Friday 23rd November 2012

I found a pair of shit filled underpants on the drive this morning. I kid ye not. How wasted do you have to be to shit in your pants in the first place, never mind take them off and hurl them onto someone’s drive? It doesn’t bear thinking about. God knows I’ve been pissed and rat arsed in my time, but I’ve never been shitted and crap arsed.

I certainly wasn’t laundering them. No way was I putting a stranger’s dump filled knickers in my washing machine. I picked them up with a stick and put them in a plastic bag and then chucked them in the doggy poop bin at the end of the avenue. I wasn’t having them stink out my pristine, hosed out once a week, wheelie bin. I hope Mr Shitty, whoever he is, had the grace to wake up feeling embarrassed this morning, and with a mammoth hangover and a sore bum from not having wiped properly.

Shane got home really late on Wednesday evening. He got snarled up in a mega traffic jam. He was in a foul mood when he finally landed.
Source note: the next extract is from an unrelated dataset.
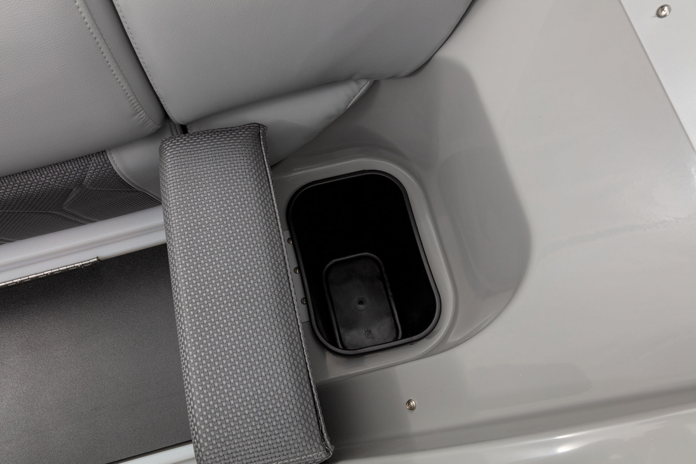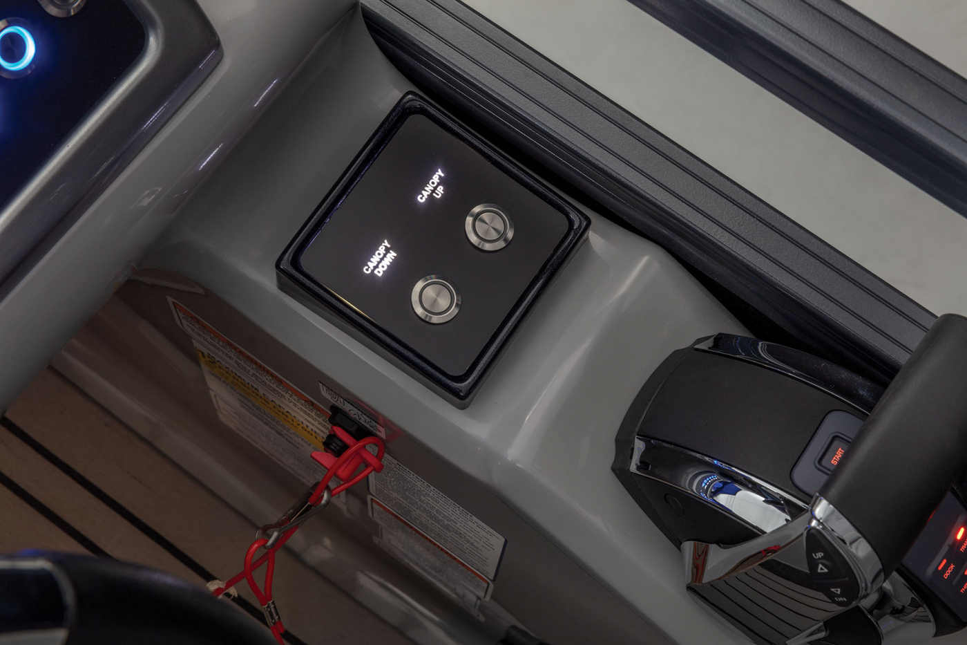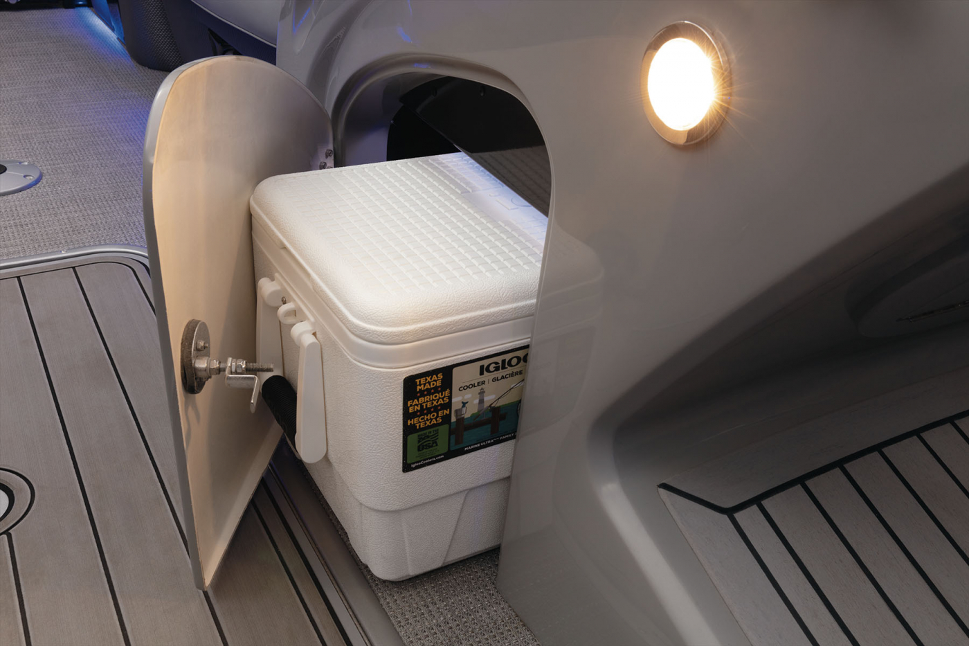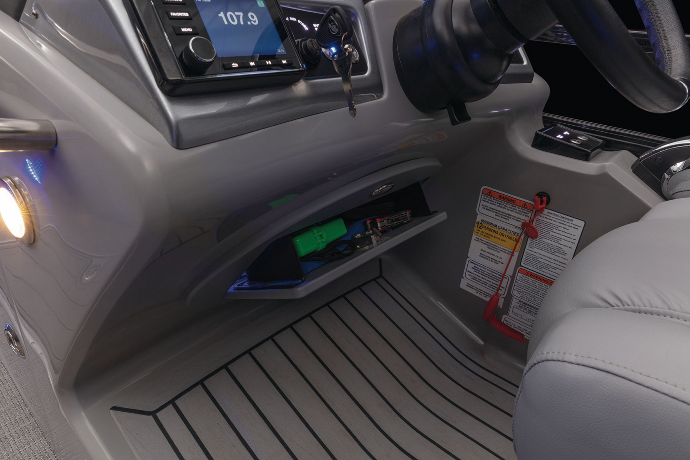 And for comfort and convenience, the standard features include four spacious lounges, each with STOW MORE™ storage system. It also includes fore and aft lighted table base locations, a new Medallion® Viper III multifunction capacitive touch digital dash with Wet Sounds® amp and speakers.
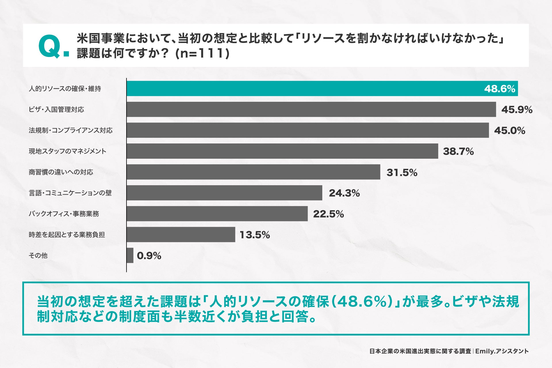 2. 想定外のリソースを要した課題は「人的リソースの確保・維持(48.6%)」が最多、ビザ・法規制対応が上位を占める

Apparently the Coca-Cola Festive truck, the one you see on the Christmas ads, was paying a visit to a local supermarket. It gridlocked traffic for miles around because the organisers hadn’t informed the local authority about the event so no traffic management plan had been put in place. Shane just about blew a gasket when he found out what had caused the jam. He ranted: ‘what kind of infantile morons want to go and gawp at a fucking truck anyway?’ Dick and I exchanged glances and telepathically agreed not to mention that we’d have quite liked to see it. Instead we made soothing noises and went all out to de-stress our grumpy head of house.
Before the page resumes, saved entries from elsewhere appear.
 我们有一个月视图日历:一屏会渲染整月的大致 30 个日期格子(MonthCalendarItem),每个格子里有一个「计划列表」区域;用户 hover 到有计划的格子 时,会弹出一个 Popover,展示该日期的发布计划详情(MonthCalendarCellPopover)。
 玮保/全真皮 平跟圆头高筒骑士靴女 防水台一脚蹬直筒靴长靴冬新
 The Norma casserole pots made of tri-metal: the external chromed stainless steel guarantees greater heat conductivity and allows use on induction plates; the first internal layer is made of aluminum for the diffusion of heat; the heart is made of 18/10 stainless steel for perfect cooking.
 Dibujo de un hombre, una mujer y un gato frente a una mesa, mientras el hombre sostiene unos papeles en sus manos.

My spider trick worked out a treat last Friday, far better than I anticipated. I racked my brains all day fathoming a way of carrying it out. After dinner the men folk did their usual Friday night thing and retired to the lounge to finish off the bottle of wine opened at dinner. I cleared up, made coffee and took it into them. I did what I usually do and forced my adorable person between them on the couch. After pouring myself a coffee and having a sip or two I suddenly ‘remembered’ some towels I’d left on the line outside and hastened out to get them in case it rained overnight. I concealed spidey in one of the towels and took them into the lounge to fold.

The scene that followed:

I casually shook and neatly folded the spiderless towels and then picked up the ‘bugged’ one. I took careful aim and shook it in Shane’s direction. The spider flew out and landed on his lap. Thankfully he’d just set down his coffee cup otherwise we’d all have been showered in dregs.
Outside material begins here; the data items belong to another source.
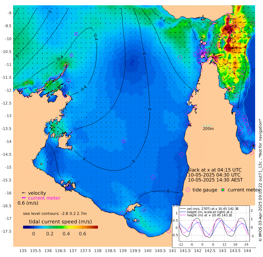 12cm/s -80T +3cm/s rms + 7cm/s -42T. ARA-GOC87 57m 6cm/s -15T +3cm/s rms + 2cm/s -2T. ARA-GOC87 60m 11cm/s -85T +2cm/s rms + 3cm/s 61T. ARA-GOC87 47m -112cm Daru -119cm Bobo Island -92cm Meer Island Barge -117cm Bramble Cay -122cm Unnamed Cay -117cm Pearce Cay -118cm Stephens Island -127cm Merrie England Shoals -121cm Mutacomal Reef -108cm Darnley Island Barge -107cm East Cay -105cm Yorke Island Barge -114cm Rennel Island -108cm Aureed Island -95cm Dungeness Reef -65cm Zagai Island -65cm Yam Island -15cm Dauan Island -21cm Saibai Island -32cm Phipi Reef -64cm Warrior Reef - West -15cm Mabuiag Island Barge -104cm Half Way Island -107cm Coconut Island -101cm Dugong Islet -81cm Poll Island -85cm Kirkcaldie Reef -68cm Suarji Island -73cm Sue Islet -5cm Hawkesbury Island -56cm Alert Patches -61cm Twin Island -13cm Badu Island -47cm St Pauls (Moa Island) -19cm Kubin (Moa Island) -37cm Ince Point -27cm Thursday Island -29cm Nardana Patches -25cm Turtle Head -18cm Round Island -12cm Goods Island 7cm Booby Island -10cm White Rocks Area 17cm Carpentaria -48cm Papou Point -18cm Bampfield Head 14cm Crab Island 3cm Red Wallis Island -21cm Packe Island -113cm Harrington Reef -5cm Herald Camp -6cm Sharp Point -24cm Red Island Point -38cm Possession Island -65cm Alpha Rock -84cm Frederick Point -116cm Wyborn Reef Light -108cm Tetley Island -83cm Triangle Reef -109cm Turtle Head Island -91cm Maclennan Cay -81cm Raine Island -113cm Mcsweeny Reef -110cm Collette Reef -89cm Shadwell Reef -122cm Hannibal Island -122cm Round Point 28cm Vrilya Point -109cm Cape Grenville -104cm Hicks Island -110cm Sir Charles Hardy Island -32cm Harvey Island -109cm Kay Reef -93cm Rocky Island -92cm Chapman Island -85cm Ham Reef -88cm Jubilee Reef -80cm Night Island -89cm Unnamed Reef No. 3 -97cm Morris Island -83cm 1st 3 Mile Opening -88cm Creech Reef -95cm Fife Island -104cm Eden Reef -95cm Stanley Island -108cm Normanby River -59cm Yabooma Island -83cm Hutchison River -59cm Elcho Island -51cm North West Crocodile Island -64cm Cape Wessel -67cm Stevens Island -80cm Guluwuru Island -58cm Hopeful Bay -56cm Auster Point -45cm Two Island Bay -70cm Cadell Strait -131cm Mallison Island -67cm Melville Bay (Gove Harbour) -71cm Truant Island -47cm Cape Arnhem -30cm Cape Grey -15cm Hawk Island 9cm Milner Bay (Groote Eylandt) 12cm Cape Beatrice 36cm West Island 40cm Centre Island 15cm Mornington Island 14cm West Wellesley Islands 0cm Bountiful Island 26cm Albert River Mouth 35cm Sweers Island 29cm Karumba 1cm Nassau River Offshore -11cm Christmas Creek -6cm Archer River -1cm Boyd Point -5cm Weipa (Humbug Point) 21cm Pennefather River 20cm Cullen Point
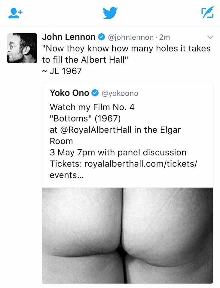 “In 50 years or so, which is like 10 centuries from now, people will look at the film of the 60’s. They will probably comment on Ingmar Bergman as meaningfully meaningful film-maker Jean-Luc Godard as the meaningfully meaningless. Antonioni as meaninglessly meaningful, etc, etc. Then they would come to the No. 4 film and see a sudden swarm of exposed bottoms that these bottoms, in fact belonged to people who represented the London scene. And I hope that they would see that the 60’s was not only the age of achievements, but of laughter. This film, in fact, is like an aimless petition signed by people with their anuses. Next time we wish to make an appeal, we should send this film as the signature list.” – Yoko Ono London ’67
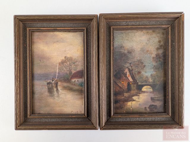 Lot # 23 - Deux huiles sur panneaux signées, mesurant 6x4 pouces chacune
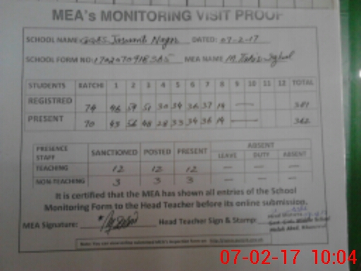 | Certified that this School was Inspected by the Undersigned MEA/DMO Today and the Information Stated Above is as Per Record. | |||||
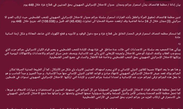 بيان إدانة / منظمة #انتصاف بشأن استمرار جرائم ومجازر عدوان الاحتلال الإسرائيلي الصهيوني بحق المدنيين في قطاع غزة خلال 448 يوم
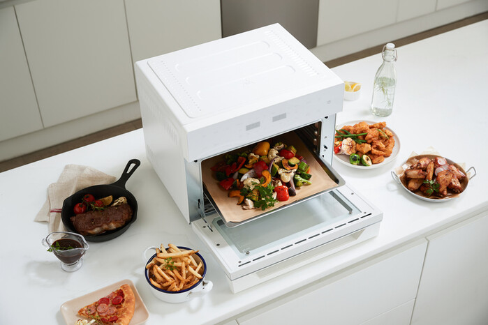 리하스에 따르면 올스텐 대용량 오븐형 에어프라이어는 효율성 측면에서는 30L의 대용량 에어프라이어로 동급 대비 슬림한 사이즈로 내부 용량은 늘리고, 두 가지 요리 설정을 동시에 가능하게 하는 듀얼쿡 기능을 가지고 있다.

A look of sheer horror passed over his face as the beast landed on him. In the soft lamplight it looked even more real. His eyes opened wide and he gave a sort of strangled gasp. Half rising, he whacked it sideways off his knee, in Dick’s direction.

Dick nearly shit himself, shouting, “don’t flick the fucking thing at me.” He too whacked at the spider and shot to his feet.

“Where’s it gone?” Shane started looking around.

Pointing dramatically at the floor near his feet I yelled, “there it is, my God it’s big, and fast.” I swung my finger to Dick’s feet, “it’s near you now, Dick, get it, get it!”

The pair of them reacted by dancing about as if there were firecrackers going off around their feet. It was so fucking funny. The look on their faces was priceless. I cracked up. I had tears of laughter all but running down my legs. I couldn’t speak I was laughing so hard. I pointed at the spider on the floor and tried to say ‘man up, it’s only a toy,’ but I couldn’t get the words out. 

They twigged and as one made a lunge for me. Dick called me an evil little bastard and got me in a headlock, bending me over and doing the hand to hair thing I hate. Shane utilised his hand in a different way, smacking and slapping at my bottom, and not playfully either. It bloody stung, but even so I couldn’t stop laughing. Shane said I was a bloody menace and living with me is like living with a twelve year old.

They saw the funny side in the end and let me live, though Shane kept me over his knee for most of the evening, swiping at my backside whenever I tried to say something, or whenever I started laughing again. It was fun.

Oh well, I have duties to attend to. Before I go I’d just like to wish my American fan<waves at Walter> a happy Thanksgiving.